No. The Born rule tells you probabilities for getting particular results from a measurement. But a measurement is not a reversible process, at least not according to basic QM (certain interpretations, such as the MWI, may differ, but those are precisely the interpretations that have problems accounting for the Born Rule).

The probability $P_{i \rightarrow f}$ that an initial quantum state $\psi_i$ is measured to be in final quantum state $\psi_f$, after evolving according to the unitary time-evolution operator $U_{i \rightarrow f}$, is given by the Born rule

No. Unitary time evolution is a separate process from measurement. You don't apply the Born rule before unitary time evolution; you apply the Born rule after unitary time evolution. And you don't use the Born rule to tell you the probability for some initial state to evolve unitarily into some final state (which wouldn't make sense anyway since unitary evolution is deterministic); you use the Born rule to tell you the probability for getting some particular measurement result, given a quantum system in some particular state at the time of measurement.

the probability $P_{i \rightarrow f}$ can be understood as the product of the amplitudes for the system to evolve both forwards from the initial state to the final state and backwards from the final state to the initial state.

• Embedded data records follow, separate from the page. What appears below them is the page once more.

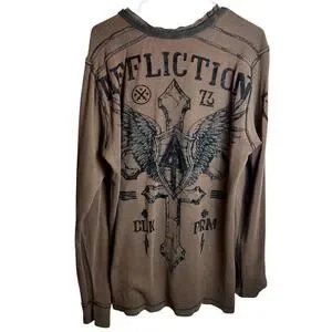 Whether you're hitting a casual gathering or just enjoying a relaxed day, this Affliction thermal is sure to make a statement. It's a genuine eye-catcher and a must-have for fans of the brand or vintage-inspired fashion. Don't miss out on adding this versatile and iconic top to your wardrobe!
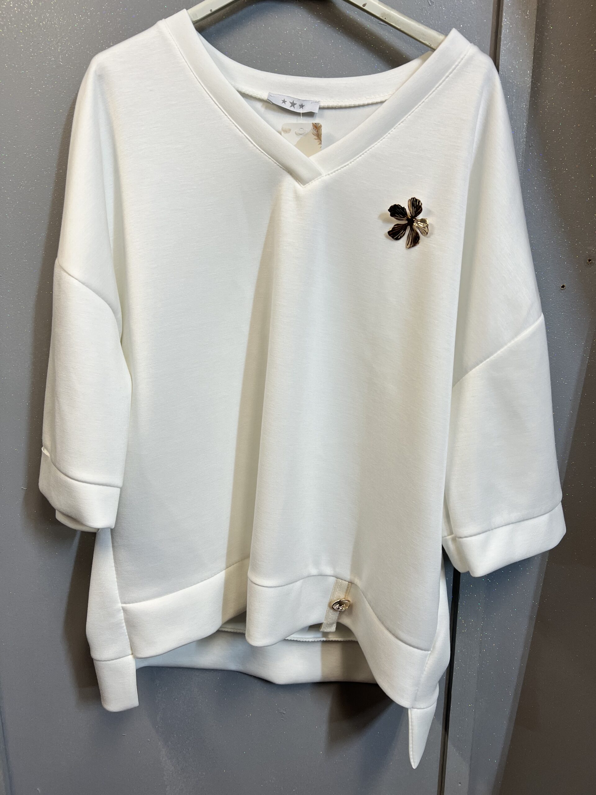 Bluzka w kolorze śmietanki, materiał masełko. Rękaw 7/8 zakończony mankietem, dzięki czemu bluzka może być noszona na sportowo i na elegancko. Idealnie sprawdzi się do spodni oraz spódnicy. Przód zdobiony jest broszką w kolorze złotym i wycięciem w serek ,a tył gładki.
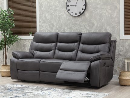 The Branson Sofa is where modern design meets everyday practicality and indulgent comfort. Upholstered in a deep, dark grey fabric, it brings a sleek and contemporary feel to any living room while providing a cozy and supportive place to relax. This stylish sofa features manual reclining seats, allowing you to effortlessly kick back and unwind.
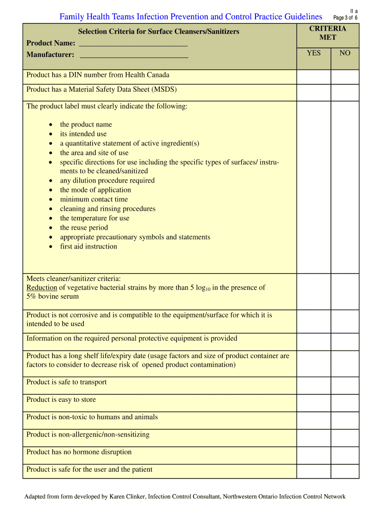 6.Use the YES/NO checkboxes to evaluate each criterion applicable to your selected surface cleansers and low-level disinfection products.
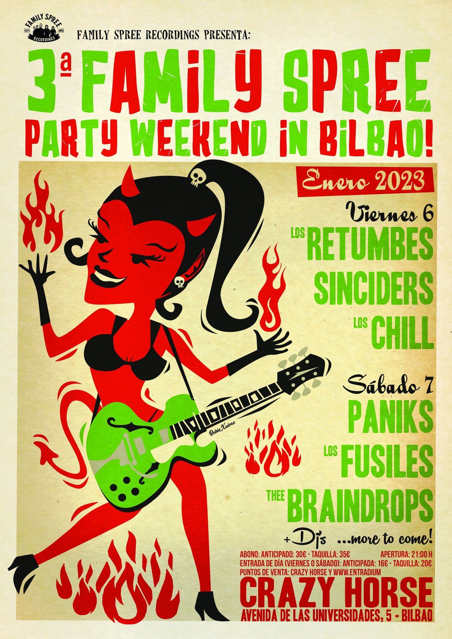 Después de la buena acogida de pasadas ediciones, el Crazy Horse bilbaíno abrirá sus puertas este fin de semana para acoger una nueva celebración del Family Spree Party Weekend. Concretamente, la tercera de un certamen familiar, un experimento festivo, una delirante iniciativa oficiada por formaciones adscritas a la escudería Family Spree Recordings, habituada a inspeccionar entre todo un maremágnum de estilos, géneros o pelajes habitualmente establecidos en la órbita del underground. Buena prueba de ello, el amplio inventario de artistas que han llegado a recopilar. En esta ocasión seis de ellos actuarán a orillas de la ría, en el local ya mencionado que aparte de organizar tinglaos de este calibre, refresca gargantas y sacia paladares. Bueno, en esta faceta organizativa deberíamos mencionar también a la agencia Undercover Producciones Booking, artífices de este y otros muchos montajes con el Rock n’ Roll como protagonista.
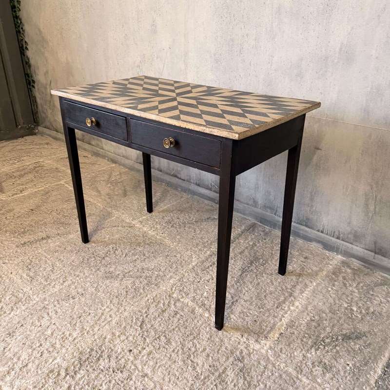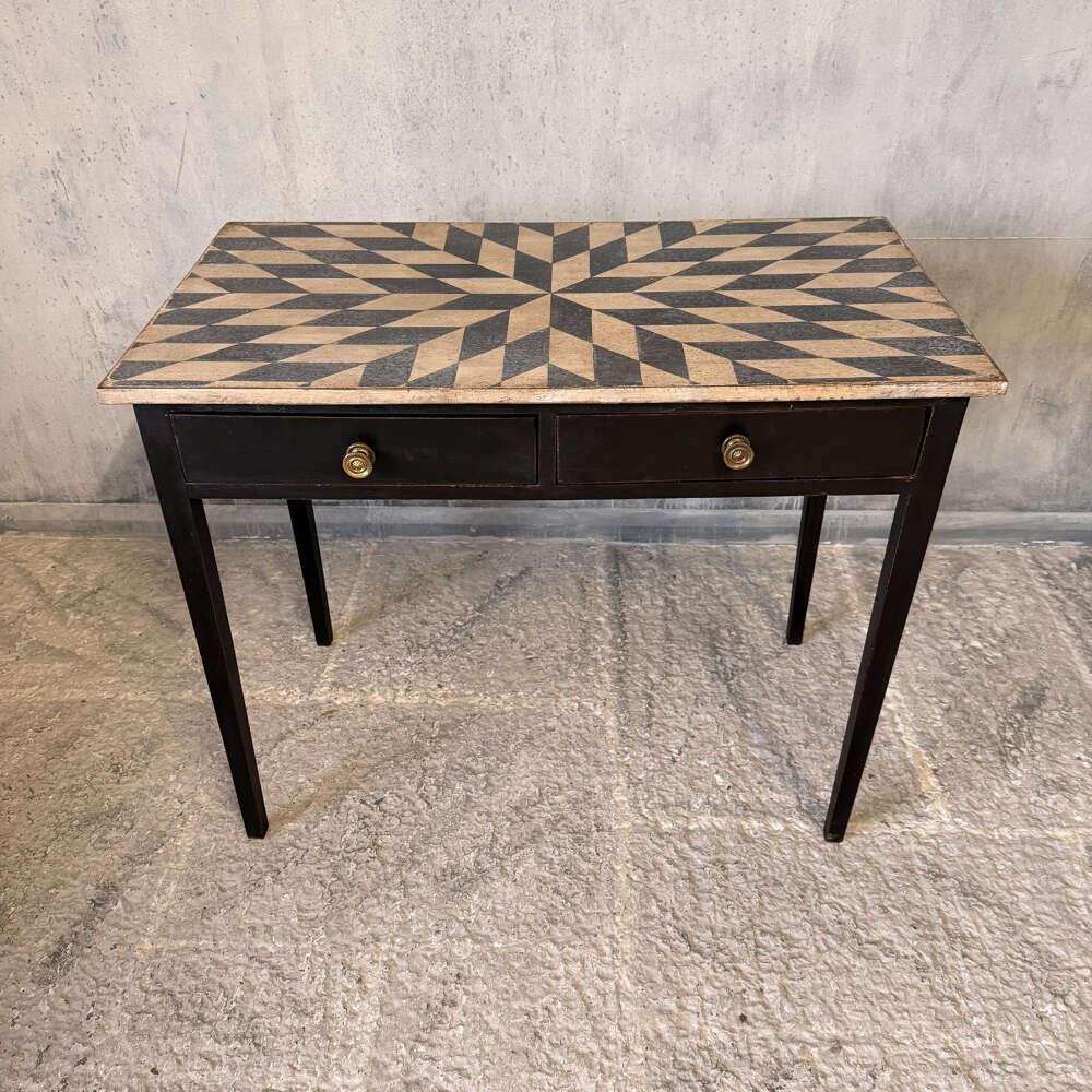 Late Georgian Side Table With Two Drawers And Hand-Painted Geometric Top C.1820
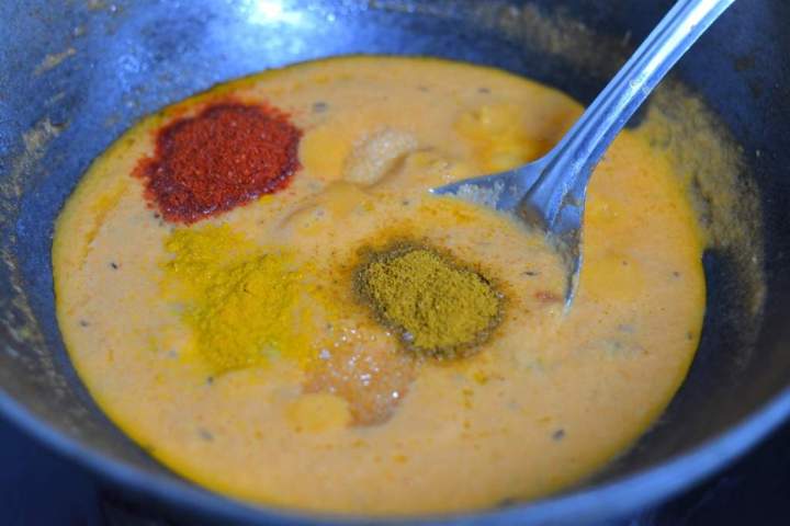 - Next add ½ tablespoon Kashmiri red chilli powder, ¼ teaspoon turmeric powder, ½ teaspoon garam masala powder, 1 teaspoon sugar and salt as needed.

No. All your "reversal" computation is really telling you is that unitary time evolution is time reversible, which is of course true. It is not telling you anything about the Born rule or measurement.

 

[jcap]

No. Unitary time evolution is a separate process from measurement. You don't apply the Born rule before unitary time evolution; you apply the Born rule after unitary time evolution. And you don't use the Born rule to tell you the probability for some initial state to evolve unitarily into some final state (which wouldn't make sense anyway since unitary evolution is deterministic); you use the Born rule to tell you the probability for getting some particular measurement result, given a quantum system in some particular state at the time of measurement.

Ok, more accurately after applying the forwards and backwards time operators we have:
$$P_{i \rightarrow f} =\langle\psi_i(t_i)|\psi_f(t_i)\rangle\langle\psi_f(t_f)|\psi_i(t_f)\rangle$$
Thus the probability $P_{i \rightarrow f}$ can be understood as the product of the overlap of the forwards-evolved initial state and the final state at time $t_f$ and the overlap of the backwards-evolved final state and the initial state at time $t_i$.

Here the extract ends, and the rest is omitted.